I am trying to write a .tgz file containing tens if not hundreds of thousands of file entries, the contents of each of which have come from a string in a database. Each file entry is about 2-5k of data.
I want to avoid doing this without having to write the files out first. Currently I have PHP creating a traditional directory structure, writing files, then making a tgz from that at the very end using a shellexec.
The disk we are using is slow and so writing tens of thousands of files is taking ages. Even running a prototype on another machine with a fast disk using a tmpfs ramdisk and lots of CPU, I get a rate of about 100-200 file entries per second, which feels slow - half an hour for 150,000 files in a directory structure. Once that has been written, the actual conversion from the native OS directory structure to tgz is not problematic.
I was hoping to use PharData to do the writing. However, PharData::addFromString seems to do a file write as soon as the file is added, rather than an an Open->Add->Writeout pattern.

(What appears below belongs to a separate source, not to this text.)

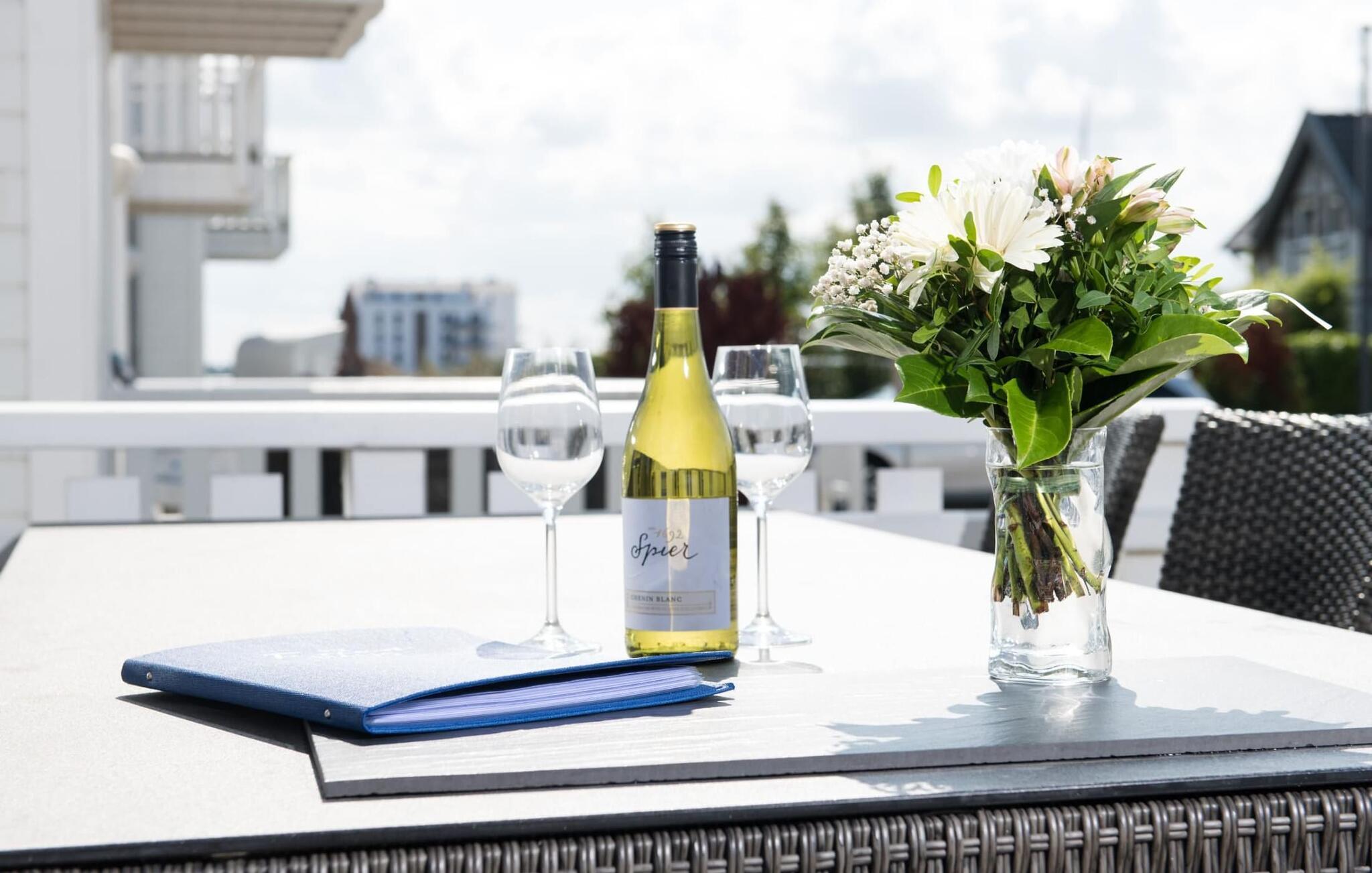 Unser Lieblingsplatz: Auf der Dachterrasse vor dem Studio die Füße hochlegen mit einem Buch in der Hand bei Hafen-, Strand- und Ostseeblick entspannt den Sonnenuntergang genießen.

Can anyone suggest any strategies here?
The eventual tgz file is then to be made available for download, and will not be refreshed often. But because there are a series of these files to be created, having to wait 30-60+ minutes just to package it becomes quite a blocker.
You can use the php gzopen/gzwrite/gzclose functions directly, and format your own tar headers, followed by the entry data. There is an example on the php gzwrite documentation page.